CS 100 Lab 8: Titanic & Data Science

Objective

For this lab, you'll need to complete a submission for the Titanic competition based on the provided notebook that yields a score of at least 78%.

Step 1: Fork the template notebook

You'll need an account on Kaggle to do this step --- you should be able to do this by clicking on "Register with Google" on the Kaggle registration page.

After creating an account, visit the CS 100 Data Science Notebook and click on the "Copy and Edit" button at the top right of the page. After agreeing to the rules of the competition, you should be dropped into the notebook editor.

Step 2: Evaluate the notebook and submit results

Once in the notebook, select the first cell in the notebook and evaluate it by clicking on the "Run" button (the triangular play button in the toolbar).

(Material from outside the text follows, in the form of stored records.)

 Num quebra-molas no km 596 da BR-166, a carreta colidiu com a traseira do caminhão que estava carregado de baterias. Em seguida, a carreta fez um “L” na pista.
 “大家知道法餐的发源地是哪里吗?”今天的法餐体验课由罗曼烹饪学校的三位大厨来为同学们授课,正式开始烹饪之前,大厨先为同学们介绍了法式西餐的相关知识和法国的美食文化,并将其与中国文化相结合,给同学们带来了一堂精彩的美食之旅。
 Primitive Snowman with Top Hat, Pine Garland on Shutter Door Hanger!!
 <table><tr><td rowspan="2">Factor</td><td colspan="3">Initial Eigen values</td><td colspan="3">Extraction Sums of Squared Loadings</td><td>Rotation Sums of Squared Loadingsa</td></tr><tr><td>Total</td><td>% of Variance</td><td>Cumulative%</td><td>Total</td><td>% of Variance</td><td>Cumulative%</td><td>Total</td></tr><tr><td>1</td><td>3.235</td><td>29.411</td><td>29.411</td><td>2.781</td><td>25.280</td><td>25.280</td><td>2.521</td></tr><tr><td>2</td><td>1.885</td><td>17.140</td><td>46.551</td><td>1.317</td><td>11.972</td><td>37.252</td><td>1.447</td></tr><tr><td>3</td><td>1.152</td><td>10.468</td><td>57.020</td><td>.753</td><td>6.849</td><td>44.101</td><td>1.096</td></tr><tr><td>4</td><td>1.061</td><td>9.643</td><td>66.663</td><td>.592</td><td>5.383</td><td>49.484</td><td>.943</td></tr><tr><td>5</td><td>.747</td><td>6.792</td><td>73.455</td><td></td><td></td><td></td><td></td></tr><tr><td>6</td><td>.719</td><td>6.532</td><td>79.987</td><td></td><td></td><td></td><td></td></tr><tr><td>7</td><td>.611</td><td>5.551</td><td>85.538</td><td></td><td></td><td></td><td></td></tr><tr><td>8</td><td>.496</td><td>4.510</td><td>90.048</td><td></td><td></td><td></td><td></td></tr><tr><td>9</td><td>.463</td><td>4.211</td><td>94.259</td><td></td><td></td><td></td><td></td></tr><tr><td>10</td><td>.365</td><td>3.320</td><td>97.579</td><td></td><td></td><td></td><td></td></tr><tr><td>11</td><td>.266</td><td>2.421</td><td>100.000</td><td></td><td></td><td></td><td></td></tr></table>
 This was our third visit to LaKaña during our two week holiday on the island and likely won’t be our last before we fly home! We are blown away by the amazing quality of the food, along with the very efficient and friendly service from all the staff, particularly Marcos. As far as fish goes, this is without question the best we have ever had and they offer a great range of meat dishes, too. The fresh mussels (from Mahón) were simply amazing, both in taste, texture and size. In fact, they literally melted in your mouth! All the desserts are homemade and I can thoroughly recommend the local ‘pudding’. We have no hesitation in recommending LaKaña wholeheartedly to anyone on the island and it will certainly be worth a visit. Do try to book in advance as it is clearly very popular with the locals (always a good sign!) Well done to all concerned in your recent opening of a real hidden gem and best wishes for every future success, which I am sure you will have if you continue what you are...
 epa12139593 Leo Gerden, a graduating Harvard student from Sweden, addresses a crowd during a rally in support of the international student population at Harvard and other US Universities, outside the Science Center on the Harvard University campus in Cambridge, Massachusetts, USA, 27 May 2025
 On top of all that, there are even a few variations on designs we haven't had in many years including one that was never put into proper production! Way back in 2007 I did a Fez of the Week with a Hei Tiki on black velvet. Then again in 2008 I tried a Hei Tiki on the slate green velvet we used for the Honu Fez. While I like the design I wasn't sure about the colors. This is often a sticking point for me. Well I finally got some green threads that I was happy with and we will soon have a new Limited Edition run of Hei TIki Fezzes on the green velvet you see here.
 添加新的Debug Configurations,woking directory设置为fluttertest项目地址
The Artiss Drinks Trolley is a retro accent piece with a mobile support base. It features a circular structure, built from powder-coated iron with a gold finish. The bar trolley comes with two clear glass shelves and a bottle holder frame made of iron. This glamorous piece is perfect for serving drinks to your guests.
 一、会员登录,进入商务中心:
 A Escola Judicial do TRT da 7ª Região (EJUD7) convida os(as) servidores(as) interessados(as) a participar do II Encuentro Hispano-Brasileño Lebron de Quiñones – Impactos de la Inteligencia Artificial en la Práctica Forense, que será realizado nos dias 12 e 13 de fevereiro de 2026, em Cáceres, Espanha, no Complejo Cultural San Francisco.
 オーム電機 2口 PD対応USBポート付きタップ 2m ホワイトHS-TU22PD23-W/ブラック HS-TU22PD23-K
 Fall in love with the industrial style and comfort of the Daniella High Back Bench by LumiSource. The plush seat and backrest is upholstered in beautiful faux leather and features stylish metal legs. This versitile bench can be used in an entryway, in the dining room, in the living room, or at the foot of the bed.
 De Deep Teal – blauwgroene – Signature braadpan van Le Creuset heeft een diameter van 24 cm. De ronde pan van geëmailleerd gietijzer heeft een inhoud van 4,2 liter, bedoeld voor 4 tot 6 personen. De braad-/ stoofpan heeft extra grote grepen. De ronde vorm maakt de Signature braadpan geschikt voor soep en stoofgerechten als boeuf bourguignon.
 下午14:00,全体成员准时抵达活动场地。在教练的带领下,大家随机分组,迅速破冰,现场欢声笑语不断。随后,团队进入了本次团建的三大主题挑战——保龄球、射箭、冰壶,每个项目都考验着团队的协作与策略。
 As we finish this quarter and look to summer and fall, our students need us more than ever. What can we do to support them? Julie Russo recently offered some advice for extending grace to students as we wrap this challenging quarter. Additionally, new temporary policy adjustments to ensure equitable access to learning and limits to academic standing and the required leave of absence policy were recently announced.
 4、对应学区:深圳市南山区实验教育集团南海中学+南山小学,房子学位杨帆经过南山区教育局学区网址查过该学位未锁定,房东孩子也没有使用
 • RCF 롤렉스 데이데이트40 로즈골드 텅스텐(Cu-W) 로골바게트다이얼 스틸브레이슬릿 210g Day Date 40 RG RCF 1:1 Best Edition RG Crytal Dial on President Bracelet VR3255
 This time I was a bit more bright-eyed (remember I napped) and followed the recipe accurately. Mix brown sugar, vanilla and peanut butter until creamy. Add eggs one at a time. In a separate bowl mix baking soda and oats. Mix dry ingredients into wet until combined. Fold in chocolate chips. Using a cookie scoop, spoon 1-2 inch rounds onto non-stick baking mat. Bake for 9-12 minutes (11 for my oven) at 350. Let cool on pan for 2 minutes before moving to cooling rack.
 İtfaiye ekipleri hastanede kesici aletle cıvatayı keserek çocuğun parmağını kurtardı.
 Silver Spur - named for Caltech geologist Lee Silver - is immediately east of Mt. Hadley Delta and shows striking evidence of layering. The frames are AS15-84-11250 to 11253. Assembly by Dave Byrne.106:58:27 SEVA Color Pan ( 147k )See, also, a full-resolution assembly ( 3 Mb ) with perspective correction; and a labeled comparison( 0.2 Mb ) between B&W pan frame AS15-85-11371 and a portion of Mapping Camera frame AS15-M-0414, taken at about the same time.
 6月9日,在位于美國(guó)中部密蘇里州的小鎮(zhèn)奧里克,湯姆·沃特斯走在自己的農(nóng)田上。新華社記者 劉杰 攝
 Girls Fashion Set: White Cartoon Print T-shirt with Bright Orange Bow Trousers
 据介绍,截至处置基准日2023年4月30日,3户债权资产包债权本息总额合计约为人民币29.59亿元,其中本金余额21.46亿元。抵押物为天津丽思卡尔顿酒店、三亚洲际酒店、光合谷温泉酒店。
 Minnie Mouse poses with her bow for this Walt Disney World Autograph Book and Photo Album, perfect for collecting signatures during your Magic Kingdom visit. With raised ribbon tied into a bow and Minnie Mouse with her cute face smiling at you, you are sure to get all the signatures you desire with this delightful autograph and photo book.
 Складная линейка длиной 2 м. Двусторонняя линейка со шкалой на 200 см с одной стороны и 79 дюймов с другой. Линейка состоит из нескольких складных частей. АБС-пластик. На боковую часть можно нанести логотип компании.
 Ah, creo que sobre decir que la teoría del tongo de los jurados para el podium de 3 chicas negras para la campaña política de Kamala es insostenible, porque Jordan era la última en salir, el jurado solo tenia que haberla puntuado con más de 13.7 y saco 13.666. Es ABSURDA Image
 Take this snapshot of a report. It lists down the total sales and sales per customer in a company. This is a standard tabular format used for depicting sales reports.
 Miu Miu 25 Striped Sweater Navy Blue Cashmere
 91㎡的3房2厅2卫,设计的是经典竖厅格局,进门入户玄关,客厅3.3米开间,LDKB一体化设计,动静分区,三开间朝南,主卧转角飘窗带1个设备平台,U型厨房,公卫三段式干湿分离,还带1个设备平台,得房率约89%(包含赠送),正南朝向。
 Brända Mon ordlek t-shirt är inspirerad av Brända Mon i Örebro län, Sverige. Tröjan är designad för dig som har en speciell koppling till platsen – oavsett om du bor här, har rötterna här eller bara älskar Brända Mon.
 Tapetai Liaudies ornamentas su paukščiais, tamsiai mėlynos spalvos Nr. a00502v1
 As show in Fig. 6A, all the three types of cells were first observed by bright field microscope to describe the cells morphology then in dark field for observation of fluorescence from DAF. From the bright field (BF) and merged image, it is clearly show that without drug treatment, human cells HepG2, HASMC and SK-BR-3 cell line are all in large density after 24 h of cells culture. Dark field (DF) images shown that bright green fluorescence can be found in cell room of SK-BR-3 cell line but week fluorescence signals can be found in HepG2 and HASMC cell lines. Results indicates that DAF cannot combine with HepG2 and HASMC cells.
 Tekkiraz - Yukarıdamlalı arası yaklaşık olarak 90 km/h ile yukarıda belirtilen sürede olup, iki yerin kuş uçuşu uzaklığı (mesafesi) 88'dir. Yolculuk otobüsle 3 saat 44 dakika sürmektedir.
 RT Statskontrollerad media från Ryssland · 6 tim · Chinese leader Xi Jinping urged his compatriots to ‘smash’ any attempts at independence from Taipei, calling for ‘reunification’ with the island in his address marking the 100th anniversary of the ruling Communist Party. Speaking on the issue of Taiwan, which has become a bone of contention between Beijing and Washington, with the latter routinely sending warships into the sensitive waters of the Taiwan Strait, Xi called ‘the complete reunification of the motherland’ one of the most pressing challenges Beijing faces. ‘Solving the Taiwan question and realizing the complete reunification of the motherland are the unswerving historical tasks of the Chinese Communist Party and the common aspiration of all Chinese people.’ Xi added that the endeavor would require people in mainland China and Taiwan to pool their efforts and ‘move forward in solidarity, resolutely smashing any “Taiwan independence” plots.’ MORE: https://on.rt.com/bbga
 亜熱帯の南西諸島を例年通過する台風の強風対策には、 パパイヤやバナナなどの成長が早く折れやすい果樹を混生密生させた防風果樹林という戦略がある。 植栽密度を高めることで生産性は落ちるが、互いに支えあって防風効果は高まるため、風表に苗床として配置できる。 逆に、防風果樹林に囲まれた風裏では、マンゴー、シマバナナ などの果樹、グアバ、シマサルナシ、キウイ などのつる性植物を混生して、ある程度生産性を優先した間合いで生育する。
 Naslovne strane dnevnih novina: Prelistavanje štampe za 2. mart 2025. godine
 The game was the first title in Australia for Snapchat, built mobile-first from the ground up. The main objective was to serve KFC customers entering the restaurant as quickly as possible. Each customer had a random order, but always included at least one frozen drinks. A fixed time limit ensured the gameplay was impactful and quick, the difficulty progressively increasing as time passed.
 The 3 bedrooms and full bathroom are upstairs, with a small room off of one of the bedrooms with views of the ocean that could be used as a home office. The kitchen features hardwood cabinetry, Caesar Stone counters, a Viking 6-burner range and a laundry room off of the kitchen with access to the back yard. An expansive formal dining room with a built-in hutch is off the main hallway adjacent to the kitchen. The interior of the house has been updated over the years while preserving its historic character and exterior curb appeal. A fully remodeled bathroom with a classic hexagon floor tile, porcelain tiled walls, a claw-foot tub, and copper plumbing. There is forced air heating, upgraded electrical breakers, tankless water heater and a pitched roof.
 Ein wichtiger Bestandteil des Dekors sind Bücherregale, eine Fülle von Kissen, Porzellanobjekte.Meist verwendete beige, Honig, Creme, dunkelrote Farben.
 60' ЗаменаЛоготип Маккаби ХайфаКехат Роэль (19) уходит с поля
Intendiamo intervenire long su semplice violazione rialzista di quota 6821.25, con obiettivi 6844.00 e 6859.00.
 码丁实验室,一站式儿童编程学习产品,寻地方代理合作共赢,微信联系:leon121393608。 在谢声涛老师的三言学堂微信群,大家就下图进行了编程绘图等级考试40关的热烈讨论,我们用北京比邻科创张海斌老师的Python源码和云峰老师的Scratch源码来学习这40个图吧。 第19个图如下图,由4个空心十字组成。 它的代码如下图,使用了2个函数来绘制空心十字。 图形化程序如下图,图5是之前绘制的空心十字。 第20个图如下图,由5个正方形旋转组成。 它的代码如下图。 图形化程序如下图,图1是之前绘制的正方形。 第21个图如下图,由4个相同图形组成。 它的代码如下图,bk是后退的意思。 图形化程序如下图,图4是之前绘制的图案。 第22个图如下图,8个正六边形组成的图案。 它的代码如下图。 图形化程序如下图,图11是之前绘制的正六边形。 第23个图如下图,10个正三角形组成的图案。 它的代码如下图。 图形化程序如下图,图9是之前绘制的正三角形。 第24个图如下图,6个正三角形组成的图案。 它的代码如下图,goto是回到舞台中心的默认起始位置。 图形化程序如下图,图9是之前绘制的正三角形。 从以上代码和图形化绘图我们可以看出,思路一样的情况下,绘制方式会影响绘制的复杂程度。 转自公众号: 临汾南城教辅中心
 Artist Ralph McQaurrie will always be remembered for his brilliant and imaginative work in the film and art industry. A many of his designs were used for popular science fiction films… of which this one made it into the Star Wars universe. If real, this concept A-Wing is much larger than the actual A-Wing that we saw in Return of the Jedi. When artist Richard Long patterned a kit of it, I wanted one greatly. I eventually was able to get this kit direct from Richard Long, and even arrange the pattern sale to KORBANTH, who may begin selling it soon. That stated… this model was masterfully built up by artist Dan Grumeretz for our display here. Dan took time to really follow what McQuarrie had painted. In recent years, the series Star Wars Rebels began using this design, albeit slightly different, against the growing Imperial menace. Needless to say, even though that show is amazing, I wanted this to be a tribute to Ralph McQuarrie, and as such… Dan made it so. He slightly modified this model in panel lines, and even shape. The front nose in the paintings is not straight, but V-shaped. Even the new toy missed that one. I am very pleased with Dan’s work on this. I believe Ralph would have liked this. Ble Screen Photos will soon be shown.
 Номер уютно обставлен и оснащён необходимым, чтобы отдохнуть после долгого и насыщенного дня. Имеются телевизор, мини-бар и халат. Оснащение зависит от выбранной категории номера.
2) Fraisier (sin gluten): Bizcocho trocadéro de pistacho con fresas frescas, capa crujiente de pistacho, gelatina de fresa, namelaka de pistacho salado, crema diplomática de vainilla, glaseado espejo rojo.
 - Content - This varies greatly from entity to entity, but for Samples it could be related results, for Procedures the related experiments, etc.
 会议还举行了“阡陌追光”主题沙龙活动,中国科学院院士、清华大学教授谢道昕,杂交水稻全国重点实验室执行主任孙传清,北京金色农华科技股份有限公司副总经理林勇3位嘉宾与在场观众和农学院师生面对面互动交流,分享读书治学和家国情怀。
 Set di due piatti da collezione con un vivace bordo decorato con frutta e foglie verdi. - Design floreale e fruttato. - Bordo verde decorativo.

You can evaluate each cell (in succession) in this manner, or click on "Run All" to evaluate all the cells in the notebook at once.

To submit the results computed by the notebook, you first need to "commit" it. Do this by clicking on the "Save Version" button at the top right of the page, selecting "Save & Run All (Commit)", then clicking "Save". The resulting process will take a short while, during which the system re-runs all your code and generates an output file.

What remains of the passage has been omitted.